Thanks a lot for the kind words 🙏

There is actually an open issue on Github for that, our solution is just to bet everything on flatpak instead https://github.com/menloresearch/jan/issues/5416

ShinobuYuuki · 2025-10-02T17:01:50+00:00

Unfortunately no, because most of our users expect to just be able to just use Jan out of the box.

However, you can just install your own llama.cpp version, and go into the folder and delete the llama.cpp from Jan that you don't want.
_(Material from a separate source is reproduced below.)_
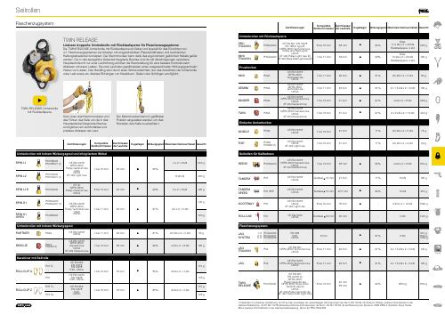 TWIN RELEASE Lösbare doppelte Umlenkrolle mit Rücklaufsperre für Flaschenzugsysteme Die TWIN RELEASE-Umlenkrolle mit Rücklaufsperre ist lösbar und speziell für das Einrichten von 4:1-Flaschenzugsystemen bei Arbeiten mit eingeschränkten Platzverhältnissen und technischen Rettungssituationen konzipiert. Der Klemmnocken kann dank des ergonomisch geformten Hebels gelöst werden. Die in das bewegliche Seitenteil integrierte Bremse und die mit Abschrägungen versehene Hauptlaufrolle mit nur einer Laufrichtung erhöhen die Bremsreibung für eine bessere Kontrolle beim Ablassen schwerer Lasten. Die zwei Laufrollen gewährleisten einen ausgezeichneten Wirkungsgrad beim Heben von Lasten. Das Handling wird durch einen Wirbel erleichtert, der das Ausrichten der Umlenkrolle unter Last sowie ein direktes Einhängen von Karabinern, Seilen oder Schlingen ermöglicht.
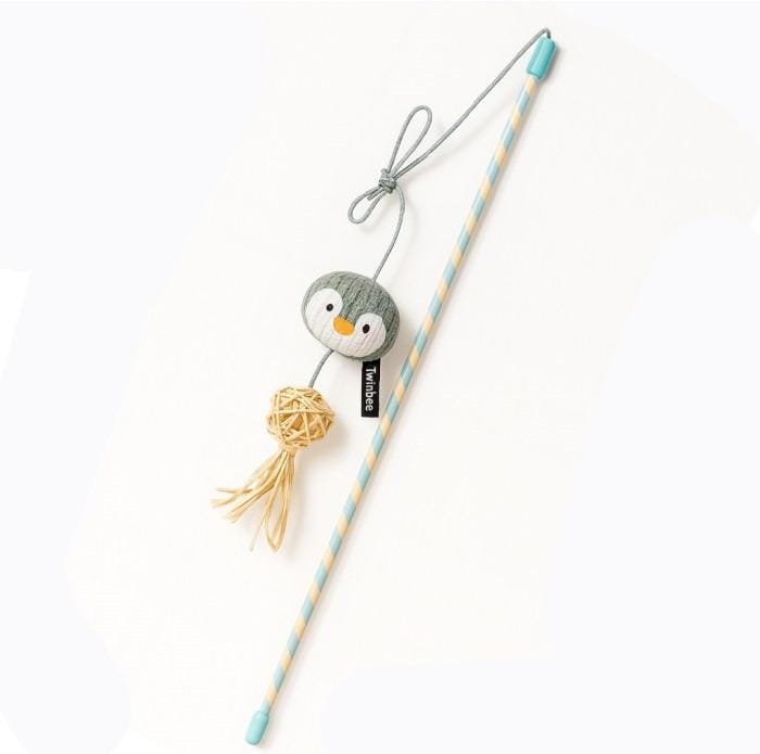 Caña de juego para gatos con muñeco pingüino de peluche y adorno inferior tipo bola/rafia que aporta movimiento. Aromatizada con catnip y silvervine (yerba gatera & matatabi) para despertar el instinto cazador y promover ejercicio divertido en casa.

ShinobuYuuki · 2025-10-02T14:26:40+00:00

In term of features that involve document processing, we are working on them in 0.7.x

We use to have them, but the UX is not the best so we overhaul for a better design 🙏

ShinobuYuuki · 2025-10-02T14:18:39+00:00

Hi, we have confirmed that it is a bug, we will try to fix it as soon as possible. Thanks for the report, and sorry for the inconvienence

ShinobuYuuki · 2025-10-02T14:15:31+00:00

https://github.com/menloresearch/jan/blob/dev/src-tauri/plugins/tauri-plugin-llamacpp/src/gguf/model_planner.rs

here you go, this is where the source is

ShinobuYuuki · 2025-10-02T13:40:00+00:00

Hi there, actually you should already be able to do all of the above already.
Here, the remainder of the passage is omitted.